Happy New Year everyone. Hope you’ve enjoyed the last few weeks journey through Christmas and into the brand new year of 2014. Such a short few days with so much excitement factored in. Hope your transition was a peaceful one. Catching up with my family was the focus for me. It was very special. And then there was the excitement of seeing ‘Grandma’ in Smith and Caugheys Christmas windows! See here.
For my first blog of the year I am very happy to tell you that Jane Carswell’s book Under the Huang Jiao Tree: Two Journeys in China, (Transit Lounge Publishing Melbourne, 2009) is to be rebroadcast on Radio NZ National. The first five chapters will be read this week, starting on Monday 20th January at 2.30pm. I am so looking forward to listening. Not only is Jane an excellent friend but I am also a fan of her work. I find it quite fascinating that this book not only won the Whitcoull’s Travel Book of the year 2010, but also was placed third in the Ashton Wylie Award, for a book in the mind, body, spirit (‘new age’) genre. Two quite different genres one might think. Actually to quote from Jane’s website… three! Memoir, travel and spritiuality.
Here’s how the publishers described the book.
‘In mid-life Jane Carswell leaves her seemingly tranquil New Zealand home, her family and friends, to teach English in Chongqing, China. Her journey into the unknown epitomises the ache so many of us feel in our own lives for new challenges and personal understandings. Under the Huang Jiao Tree is a reflective, amusing and absorbing book about living and working in China, and the profound impact the experience has on the author’s search for connection and community. Carswell writes beautifully and entertainingly of China, of its people and her surprises and setbacks, but where her memoir stands alone is in its description of her own search for a spiritual life and practice. On return to her New Zealand life she becomes drawn to the teachings of St Benedict, and all at once the reader realises where the purity of her writing springs from: a deep well of calm, silence and belief.’

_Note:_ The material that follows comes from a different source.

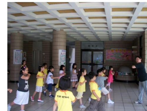
(抬抬手，踢踢腿，多多運動好健康)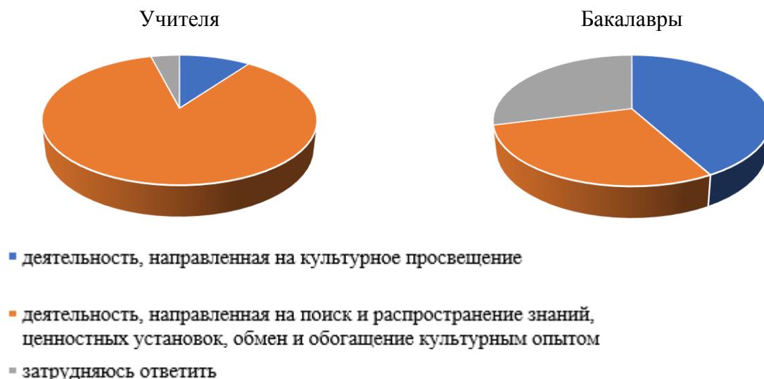
Рис. 1. Результаты опроса учителей начальных классов и бакалавров 4 курса направления подготовки «Начальное образование»

Анализ показал, что некоторые респонденты ни стали долго думать и просто переформулировали вопрос в ответ (2% учителей и 42% бакалавров). Большинство учителей (86%) и некоторые студенты (29%) попытались дать ответ более ответ общими фразами и словами.

Transit Lounge Publishing, Melbourne
Jane’s writing is beautiful. Add to that, her openness and considered approach to her topic plus her humour and attention to detail and you have a rare book. For some excellent reviews including one each from the Melbourne Age and the Dominion Post NZ see Jane’s website here
Here’s what Mary McAllum our Tuesday Poems Editor had to say about it. Under the Huang Jiao Tree, begins with a quote: ‘There is a meaning in every journey that is unknown to the traveller’ by Deitrich Bonhoeffer, and it is this mystery in the book – Jane’s not knowing entirely what the journey’s about – along with the meshed journeys into both China and Jane herself, and the subtle, evocative way she writes, that makes this book so powerful. Nay, more than that – unforgettable.’ For details about how to buy the book go to Jane’s website here, or ask at any good bookshop.
Bye for now. I’ll be back with more poetry in a week or two.